Already A Classic: Maxwell Korzaniewski’s 964

Words & Photographs by Jason Morabito.

Hailing from Buffalo, NY and at only 21 years old, Maxwell Korzaniewski has traded his Wolfsburg roots for Stuttgart’s modern classic. Leaving behind his previous mk4 R32, Max has opted for yet another all wheel drive six cylinder… however this icon is worlds apart, a 1989 Porsche Carrera 4.


The Porsche 911 for the model years 1989 to 1994, designated the 964 (Porsche’s internal code name for this era 911), was developed in response to the dramatic decrease in sales of the tiring Porsche 911 3.2. In an attempt to win back the old Porsche enthusiast, Porsche realized that a completely new driving experience would have to be developed. To this end, Porsche decided to embrace the advent of a new concept that Audi had stumbled upon a few years before, all wheel drive in a sports coupe. And so was born the Carrera 4, Porsche’s first foray into a full time four wheel drive performance automobile, and the first of the 964 family.
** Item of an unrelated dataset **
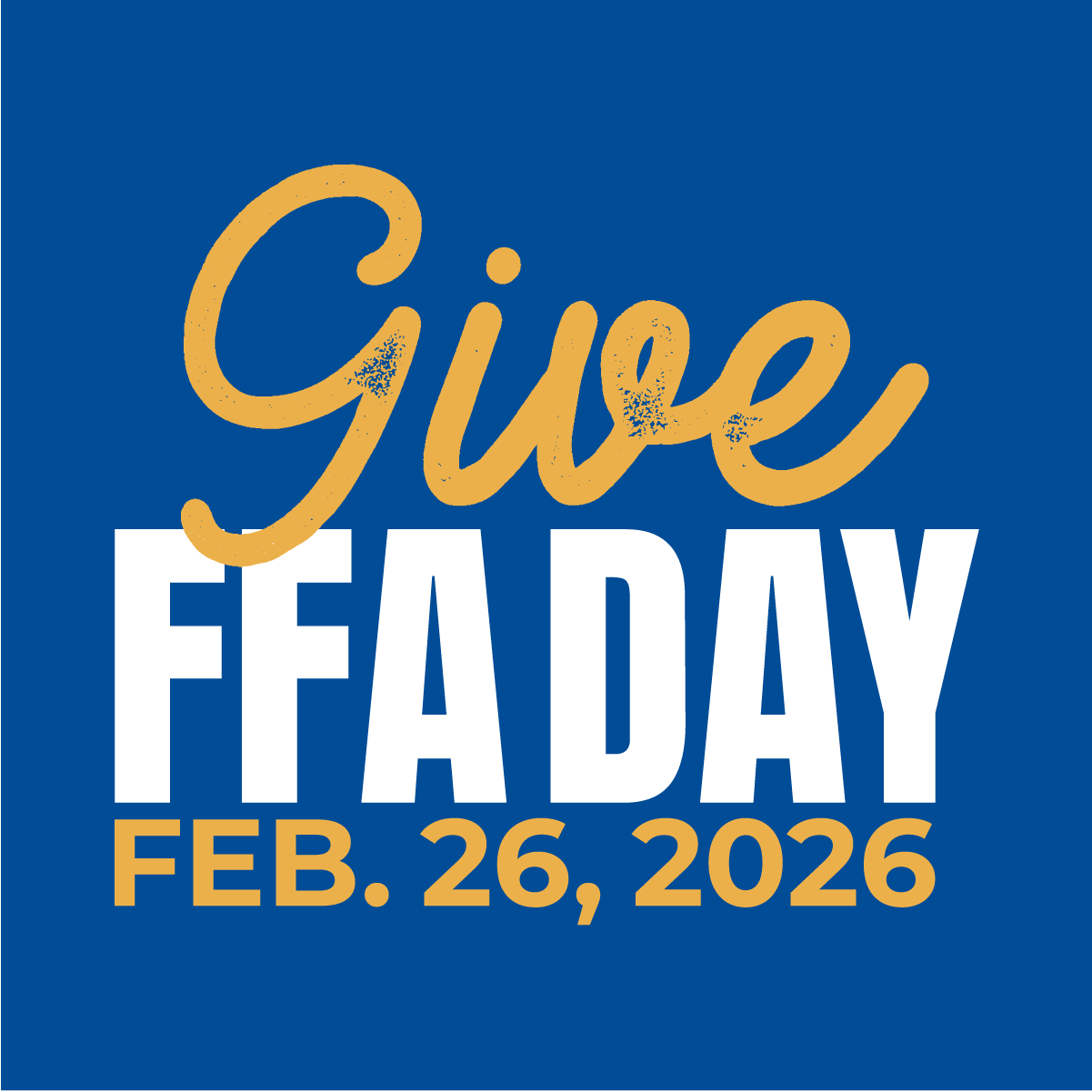 On Feb 26, 2026, we will celebrate Give FFA Day! Give FFA Day is a 24-hour fundraising effort that unites the FFA community in support of the next generation of leaders who will change the world. Every gift makes a difference.

Fast forward almost 25 years later and a lot has happened in the 964 market. In 1989, the 964 was first offered only in four-wheel drive Carrera 4 form, to showcase new technology and to prove that the 911 was a safe and surefooted car. It was well received, although some complained that it wasn’t a true 911. Whether its because of the drastic modernization of a cult classic or the handful of engineering oversights that plagued early models, the 964 became the black sheep of the air cooled 911′s – a notion that would (believe it or not) make these cars one of the most sought after generations decades later.

Let me explain; Good 964s have gotten increasingly hard to come by. As the 964 resale values dipped into economy pricing over the years, they were often not maintained correctly, driven hard and put away wet. The handful of properly maintained “clean” cars that remain have almost all been sorted, rebuilt and are now as bullet proof as they should have been from the start. However, these prime examples are now becoming needles in a haystack, thus forcing prices north… and fast. With companies like Rotiform, Singer and RWB driving a resurgence in 964 popularity among enthusiasts, properly sorted 964s are fetching nearly double what they were just a few years ago.

For max, hundreds of hours of internet detective work paid off in a huge way. Not only was Max able to source exactly what he wanted, but also for under book.  It seems Max snuck in right before the huge popularity wave, thus leaving himself a nice budget for his ultimate vision and any updating the car still needed. Max says. “I found it on AutoTrader. After speaking with the owner, I felt comfortable enough to make an offer site unseen, but the owner insisted I come see and drive the car myself. I made the trip up to Howell, Michigan and and I just fell in love. It just felt right. So after a long test drive, and a ride in the owner’s pristine 993, he accepted my offer and I picked the 964 up the following weekend.”



As ecstatic as Max was with the car even in stock form, we all know that it wasn’t long before the car was up on jack stands and the UPS boxes started arriving. The 964 was the first 911 that boasted conventional coil springs instead of the previous torsion bar suspension. Knowing that it’s OEM  height was unacceptable, Max placed his first call to Brian Henderson at Rotiform to get his hands on one of their custom H&R “deep” coilover kits.  Brian, with the help of AH exclusive parts and H&R springs, helped develop a kit that would not only put a 964 on its nuts, but would do so while retaining proper functionality, comfort and handling, all characteristics that no 911 owner should have to compromise. After the suspension was sorted, it came to pass that Max would also inherit a very special set of LHRs (sizes 18×8.5 and 10) from Brian, complete with “ring” miles!  Between the iconic “old school mesh” styling of the LHR and the fact that they’ve been around Nürburgring in addition to a very famous debut at Wörthersee, how could Max say no?



While waiting for the wheels to arrive, Max took the time to go through the car and make sure everything was up to snuff elsewhere. This resulted in the decision to upgrade to WEVO motor mounts as well as add a Rennline carrier reinforcement. The Carrera’s 250bhp 3.6-litre flat six was then made more robust with the addition of a vertex chip making full use of the motor’s 11.3:1 compression.  The air cooled lump’s breathing was also enhanced with a K&N intake and Dansk G-Pipe. The exterior’s OG paint was then treated to a corrective polish and wax bringing it back to showroom luster, while the headlights were updated to H4′s and the faded tails were repainted in translucent candy red. With the car sitting proper, purring right and having has all the trim shined up, Max turned his attention to the cockpit. With the addtion of a MOMO competition wheel and hub and a DAS sport Half cage painted to match the wheels (not pictured), the minimal track inspired interior now fully fits the part.



After its mass appeal at both at this past H2Oi and First Class Fitment, the car is once again parked away for another round of upgrades while Western New York’s infamous winter rolls on through . I for one can’t wait to see what Max has in store for this coming season, but with the amount of love he has already shown for this once outcast 911, I’m sure the next chapter will be one to equally impress.